**Given data**
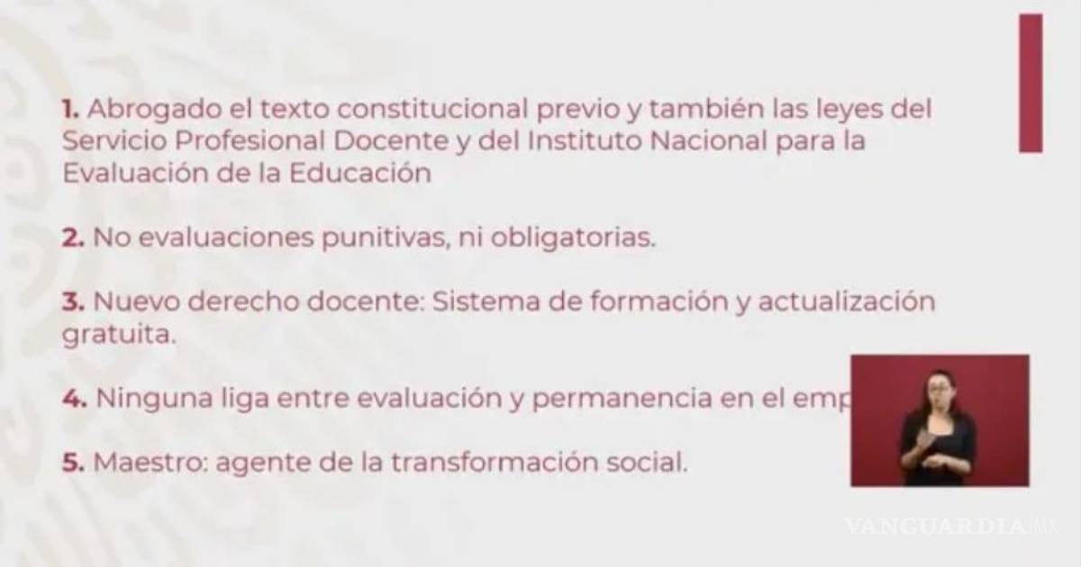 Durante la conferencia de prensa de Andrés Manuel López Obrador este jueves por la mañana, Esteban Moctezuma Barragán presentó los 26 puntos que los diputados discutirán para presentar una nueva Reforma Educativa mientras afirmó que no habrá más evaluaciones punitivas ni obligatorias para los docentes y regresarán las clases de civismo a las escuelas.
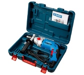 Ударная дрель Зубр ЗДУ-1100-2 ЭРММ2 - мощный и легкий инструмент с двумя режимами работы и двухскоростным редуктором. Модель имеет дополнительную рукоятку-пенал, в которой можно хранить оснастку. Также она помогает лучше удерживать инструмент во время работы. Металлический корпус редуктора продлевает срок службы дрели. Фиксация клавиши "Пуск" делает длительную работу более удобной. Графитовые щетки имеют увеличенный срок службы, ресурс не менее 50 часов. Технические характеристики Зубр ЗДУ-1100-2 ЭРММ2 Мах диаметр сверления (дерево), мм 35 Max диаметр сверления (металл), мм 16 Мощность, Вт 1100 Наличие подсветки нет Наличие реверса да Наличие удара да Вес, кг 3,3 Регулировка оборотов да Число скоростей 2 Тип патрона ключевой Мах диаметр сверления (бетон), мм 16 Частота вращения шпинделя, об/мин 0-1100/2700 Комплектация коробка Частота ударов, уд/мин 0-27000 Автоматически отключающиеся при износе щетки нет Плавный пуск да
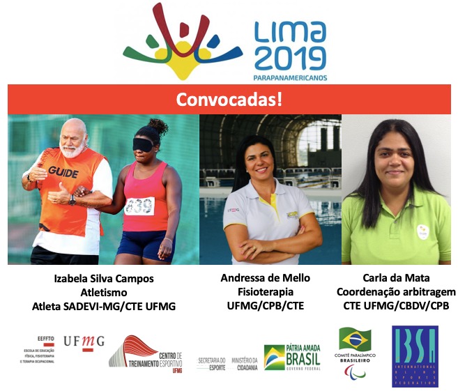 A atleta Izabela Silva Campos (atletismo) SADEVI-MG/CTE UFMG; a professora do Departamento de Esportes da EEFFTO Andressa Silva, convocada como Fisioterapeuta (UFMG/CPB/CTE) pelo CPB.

**Problem to work on**
Exclude the pictures and print the rest of the data exactly.

**Output**
 Durante la conferencia de prensa de Andrés Manuel López Obrador este jueves por la mañana, Esteban Moctezuma Barragán presentó los 26 puntos que los diputados discutirán para presentar una nueva Reforma Educativa mientras afirmó que no habrá más evaluaciones punitivas ni obligatorias para los docentes y regresarán las clases de civismo a las escuelas.
 Ударная дрель Зубр ЗДУ-1100-2 ЭРММ2 - мощный и легкий инструмент с двумя режимами работы и двухскоростным редуктором. Модель имеет дополнительную рукоятку-пенал, в которой можно хранить оснастку. Также она помогает лучше удерживать инструмент во время работы. Металлический корпус редуктора продлевает срок службы дрели. Фиксация клавиши "Пуск" делает длительную работу более удобной. Графитовые щетки имеют увеличенный срок службы, ресурс не менее 50 часов. Технические характеристики Зубр ЗДУ-1100-2 ЭРММ2 Мах диаметр сверления (дерево), мм 35 Max диаметр сверления (металл), мм 16 Мощность, Вт 1100 Наличие подсветки нет Наличие реверса да Наличие удара да Вес, кг 3,3 Регулировка оборотов да Число скоростей 2 Тип патрона ключевой Мах диаметр сверления (бетон), мм 16 Частота вращения шпинделя, об/мин 0-1100/2700 Комплектация коробка Частота ударов, уд/мин 0-27000 Автоматически отключающиеся при износе щетки нет Плавный пуск да
 A atleta Izabela Silva Campos (atletismo) SADEVI-MG/CTE UFMG; a professora do Departamento de Esportes da EEFFTO Andressa Silva, convocada como Fisioterapeuta (UFMG/CPB/CTE) pelo CPB.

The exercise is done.